Le porte-parole du Gouvernement Gabriel Attal en visite dans une école du Rhône - © Valentin Chenard
Le porte-parole du gouvernement est revenu tout à l'heure sur les propos du chef de l'Etat, à l'issue du conseil des ministres.


"Qui emmerde la vie de qui aujourd'hui ? Qui gâche la vie de nos soignants depuis deux ans pour sauver des patients qui sont aujourd'hui non vaccinés ? Ce sont ceux qui s'opposent aux vaccins." Peu de temps après les propos d'Emmanuel Macron sur les personnes non-vaccinées qui ont suscité l'indignation de l'opposition, Gabriel Attal a lui aussi pris la parole.

"Les propos du président de la République me semblent très en deçà de la colère d'une très grande majorité des Français", a-t-il ainsi affirmé, interrogé par la presse sur le tollé provoqué dans la classe politique par les déclarations du chef de l'Etat.

Selon Gabriel Attal, il y a "beaucoup" de Français "qui vous disent que les personnes qui font le choix de ne pas se faire vacciner, on ne devrait même pas les soigner". "Nous avons toujours fait le choix avec nos soignants de soigner tous les Français qui étaient frappés par la maladie et nous continuerons à faire ce choix", a-t-il précisé.

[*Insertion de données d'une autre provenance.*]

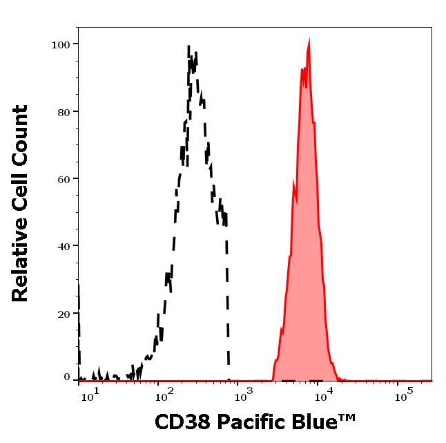 Example of separation of positive (red-filled) and negative (black-dashed) events using SingleFlowEx CD38 Pacific Blue™

Les débats ont repris à l'Assemblée


Les débats sur le pass vaccinal ont été stoppé la nuit dernière à l'Assemblée nationale. Les discussions ont repris cet après-midi dans l'hémicycle pour un examen sous tension. Gabriel Attal a par ailleurs exclu un recours à l'article 49.3 pour faire adopter le projet de loi. "La question ne se pose pas", a-t-il dit, car il y a "une majorité qui est prête à le voter".

Concernant la progression du virus du Covid-19 en France, il semblerait qu'Omicron soit "deux à trois fois moins sévères que Delta", toujours selon le porte-parole du gouvernement qui n'a pas exclu une hausse toujours plus importante des contaminations dans les semaines à venir.

Le Premier ministre Jean Castex doit quant à lui se rendre cet après-midi devant l'Assemblée nationale.